Menjadi Mama | Part 4 | Tubuh Baru

2.1K 11 0
                                    

Aku merasa sedikit penasaran dan bertanya, "Mama gini juga ya tiap saat?"

Mama tersenyum lebih lebar, matanya sedikit berkilat nakal. "Hmm, kalau Mama sih biasanya ada Papa yang bantu. Dia yang isap ASI Mama kalau penuh," jawabnya dengan nada bercanda.

Sontak pipiku memerah mendengar jawaban Mama. Aku merasa canggung dan bingung harus merespons bagaimana. Kata-kata Mama membuat bayangan yang aneh dan mengganggu muncul di kepalaku. Tanpa bisa kucegah, aku membayangkan bagaimana rasanya jika payudaraku dihisap oleh Papa. Pikiran itu membuat tubuhku bergetar kecil, sensasi aneh dan baru kembali menyeruak di dalam diriku. Detak jantungku semakin cepat, seolah ada sesuatu yang mendesak keluar dari dalam.

Mama tampaknya memperhatikan perubahan ekspresiku dengan tajam. Dia tidak bisa menahan godaannya. "Hayo, kamu mikirin apa?
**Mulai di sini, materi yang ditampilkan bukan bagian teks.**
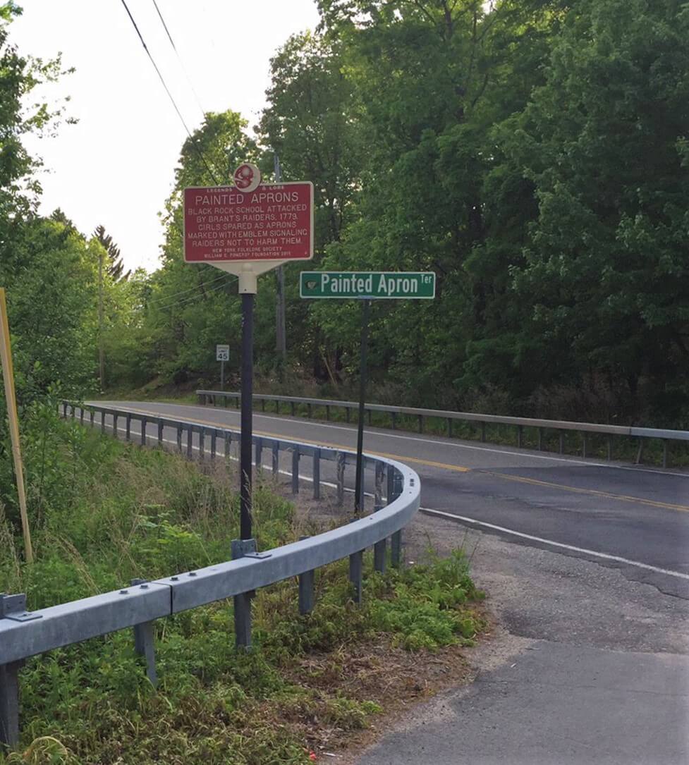 It’s said that in July of 1779, during the Revolutionary War, Joseph Brant and his raiders swept through the Neversink Valley. They arrived at the Black Rock Schoolhouse, killing the teacher, but spared students who wore symbols on their aprons which signaled not to harm them.

Yang kemarin-kemarin kamu bayangin Mama, sekarang apa hayo, pasti mikirin Papa ya?" goda Mama sambil tertawa kecil.

Aku merasa semakin canggung, kata-kata Mama terus menggema di pikiranku. Bayangan Papa yang mendekat, mengelus rambutku, dan menghisap ASI dari payudaraku muncul di benakku. Sensasi itu terasa begitu nyata dan aneh, membuatku semakin bingung. Wajahku semakin memerah, dan aku mencoba mengalihkan pandangan, tidak ingin Mama melihat betapa malunya aku.

Mama tertawa lagi, kali ini lebih lembut, dan memandangku dengan tatapan penuh pengertian. "Nggak apa-apa, Sayang. Ini semua baru buat kamu, dan wajar kalau kamu merasa bingung dan penasaran. Tapi ingat, Mama di sini buat bantu kamu," katanya, mengusap rambutku dengan lembut.

Perasaanku campur aduk. Di satu sisi, aku merasa malu dan canggung karena Mama seolah bisa membaca pikiranku. Di sisi lain, aku merasa sedikit lega karena Mama ternyata mengerti dan mencoba membuatku merasa lebih nyaman dengan perubahan ini. Aku mencoba tersenyum, meskipun masih merasa sedikit canggung. "Ah, nggak kok Ma, aku nggak kaya gitu," ucapku dengan nada gugup, berharap Mama tidak menyadari kebenarannya.

Mama tersenyum lembut dan mengangguk pelan. "Iya, Mama ngerti kok, Sayang. Kamu nggak perlu malu. Semua orang pasti punya rasa penasaran, apalagi dalam masa-masa perubahan seperti ini," ujarnya, suaranya penuh kasih sayang. "Yang penting, kamu jangan menyimpan perasaan atau pertanyaan sendirian. Mama selalu di sini buat kamu."

Aku hanya bisa mengangguk, masih merasa canggung dan malu. Kata-kata Mama sedikit banyak membuatku merasa lebih tenang, meskipun bayangan tadi masih sedikit mengganggu pikiranku. "Iya, Ma. Makasih," jawabku pelan, berusaha menenangkan diri.